Your goal » When copying the data below, keep only the lines from the one with "a simple uncluttered" through the one with "6個入 ・玉露フィナンシェ 4個入 |", word for word, and skip the pictures.

Stored items:
--------------------------------------------------
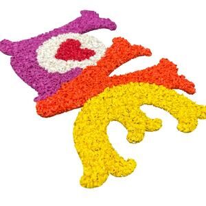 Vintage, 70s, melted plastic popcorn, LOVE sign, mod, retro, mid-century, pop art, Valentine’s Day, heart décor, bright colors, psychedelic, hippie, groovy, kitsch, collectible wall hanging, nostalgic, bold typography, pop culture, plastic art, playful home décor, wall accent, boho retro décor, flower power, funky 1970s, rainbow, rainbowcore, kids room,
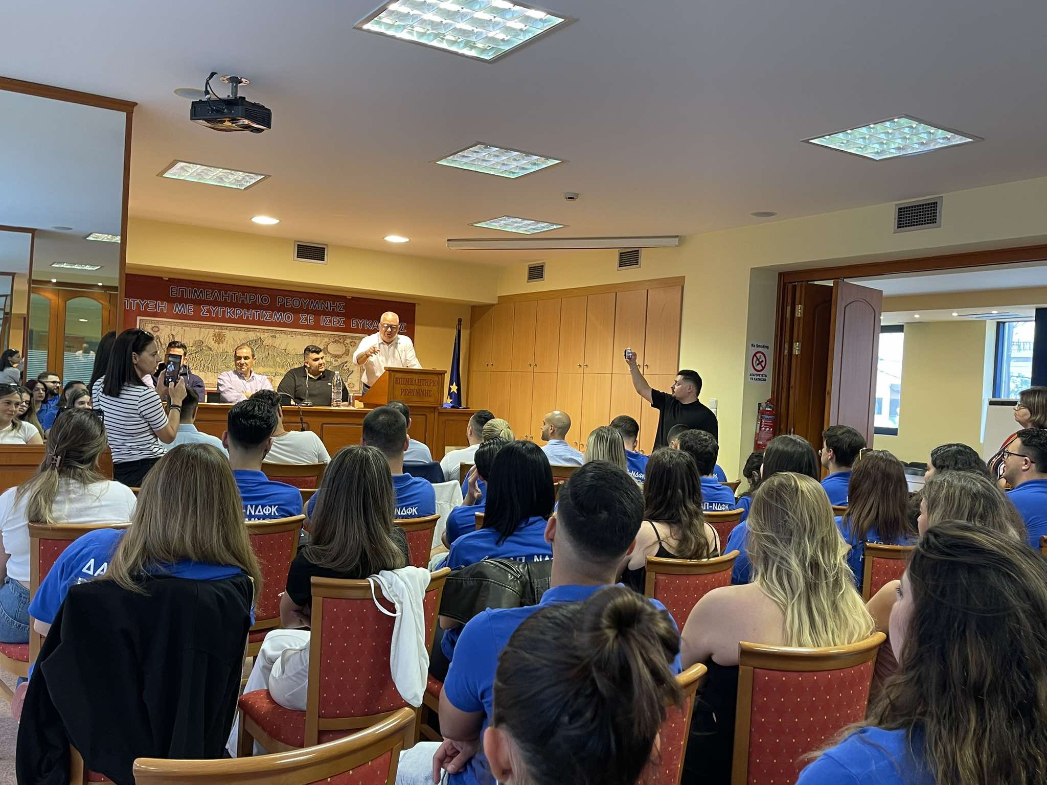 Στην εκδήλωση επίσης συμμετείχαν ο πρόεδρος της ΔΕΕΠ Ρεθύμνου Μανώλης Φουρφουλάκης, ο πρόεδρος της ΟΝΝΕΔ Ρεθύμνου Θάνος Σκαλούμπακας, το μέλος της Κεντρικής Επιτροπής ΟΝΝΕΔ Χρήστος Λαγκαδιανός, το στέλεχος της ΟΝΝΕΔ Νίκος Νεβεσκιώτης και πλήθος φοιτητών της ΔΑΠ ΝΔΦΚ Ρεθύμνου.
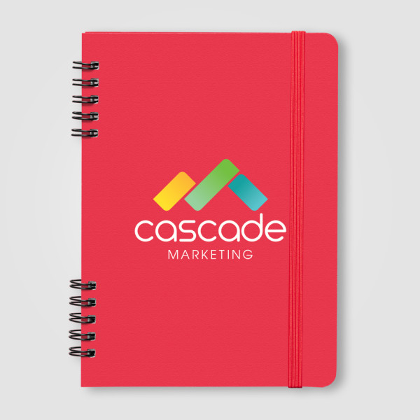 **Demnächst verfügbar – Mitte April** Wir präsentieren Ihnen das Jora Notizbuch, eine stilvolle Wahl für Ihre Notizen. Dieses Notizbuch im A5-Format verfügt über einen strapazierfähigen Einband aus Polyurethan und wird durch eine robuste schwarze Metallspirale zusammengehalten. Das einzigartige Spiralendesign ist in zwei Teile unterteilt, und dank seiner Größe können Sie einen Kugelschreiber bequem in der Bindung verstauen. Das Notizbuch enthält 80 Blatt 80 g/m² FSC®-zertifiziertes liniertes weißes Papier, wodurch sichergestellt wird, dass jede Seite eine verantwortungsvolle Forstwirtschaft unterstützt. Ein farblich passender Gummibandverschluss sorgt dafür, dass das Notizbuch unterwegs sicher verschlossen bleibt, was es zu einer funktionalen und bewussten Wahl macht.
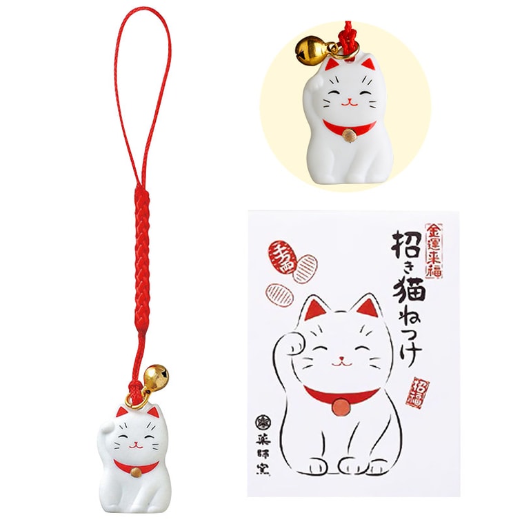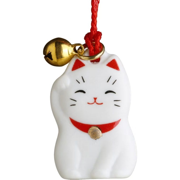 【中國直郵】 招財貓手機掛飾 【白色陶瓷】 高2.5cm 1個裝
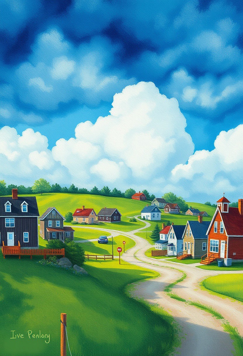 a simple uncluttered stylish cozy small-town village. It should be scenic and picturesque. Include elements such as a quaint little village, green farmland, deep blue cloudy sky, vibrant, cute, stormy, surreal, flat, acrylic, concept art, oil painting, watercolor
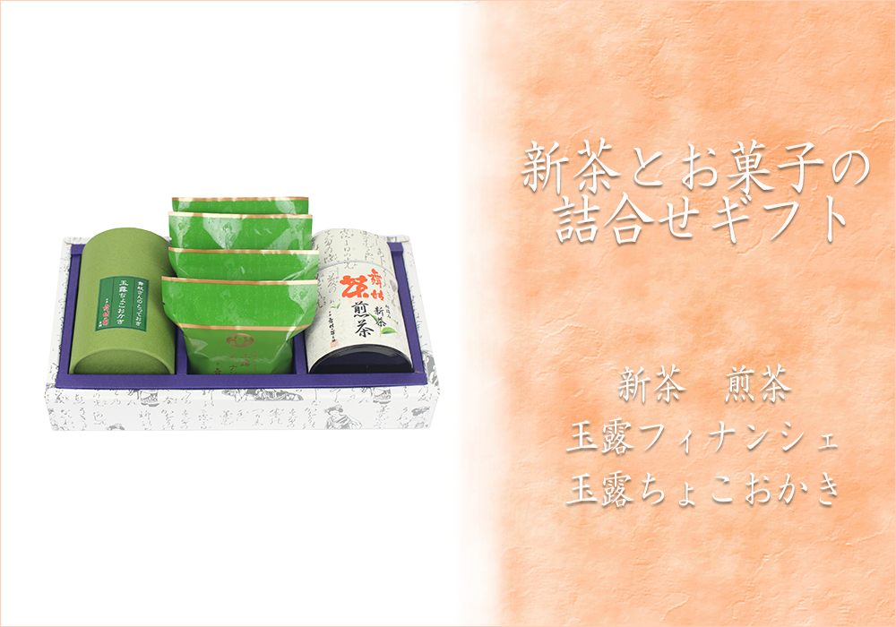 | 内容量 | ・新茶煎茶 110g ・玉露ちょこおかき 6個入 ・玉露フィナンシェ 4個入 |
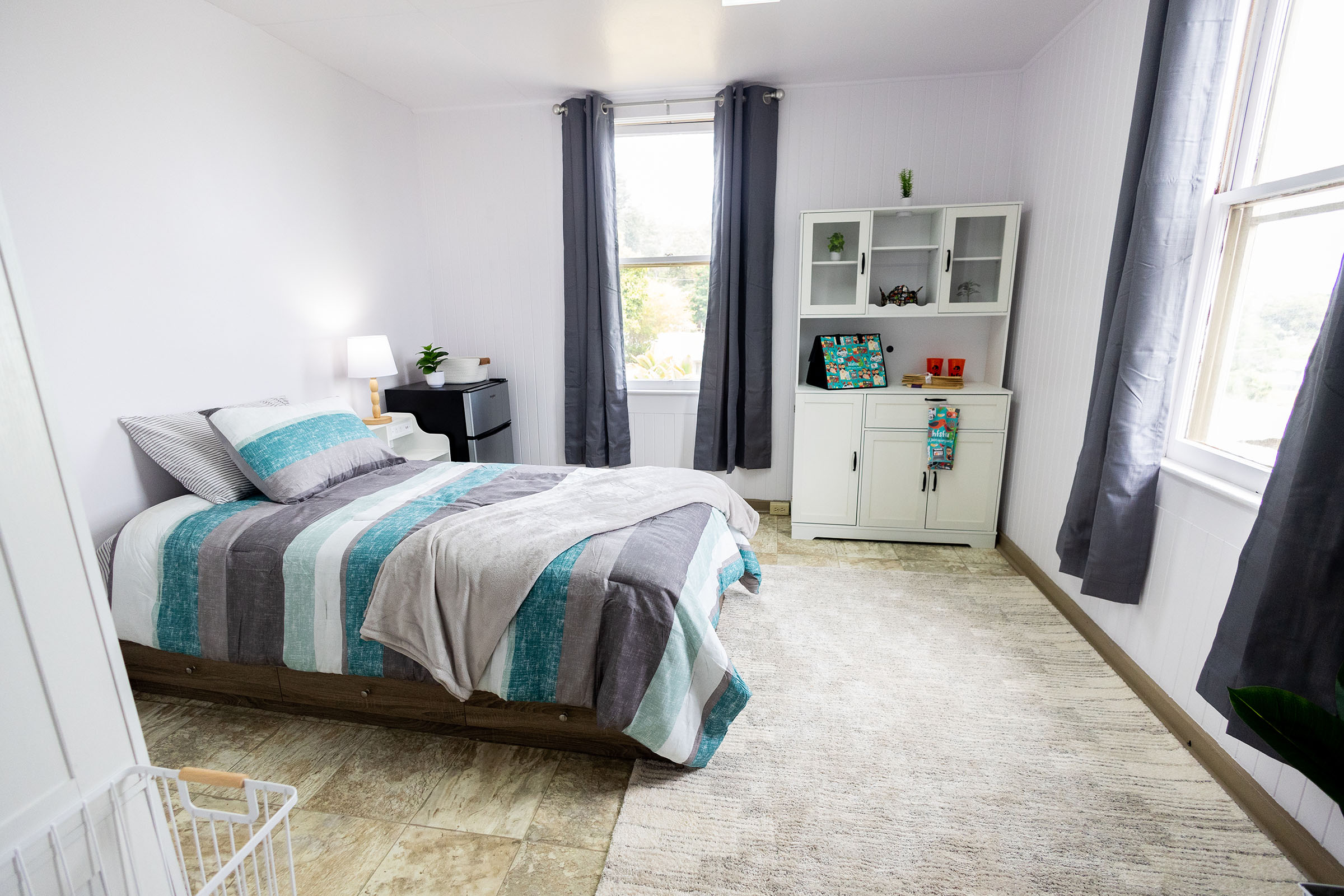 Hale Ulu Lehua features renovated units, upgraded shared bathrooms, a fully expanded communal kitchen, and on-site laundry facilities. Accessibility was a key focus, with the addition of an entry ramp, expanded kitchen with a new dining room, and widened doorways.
--------------------------------------------------
Solution »
 a simple uncluttered stylish cozy small-town village. It should be scenic and picturesque. Include elements such as a quaint little village, green farmland, deep blue cloudy sky, vibrant, cute, stormy, surreal, flat, acrylic, concept art, oil painting, watercolor
 | 内容量 | ・新茶煎茶 110g ・玉露ちょこおかき 6個入 ・玉露フィナンシェ 4個入 |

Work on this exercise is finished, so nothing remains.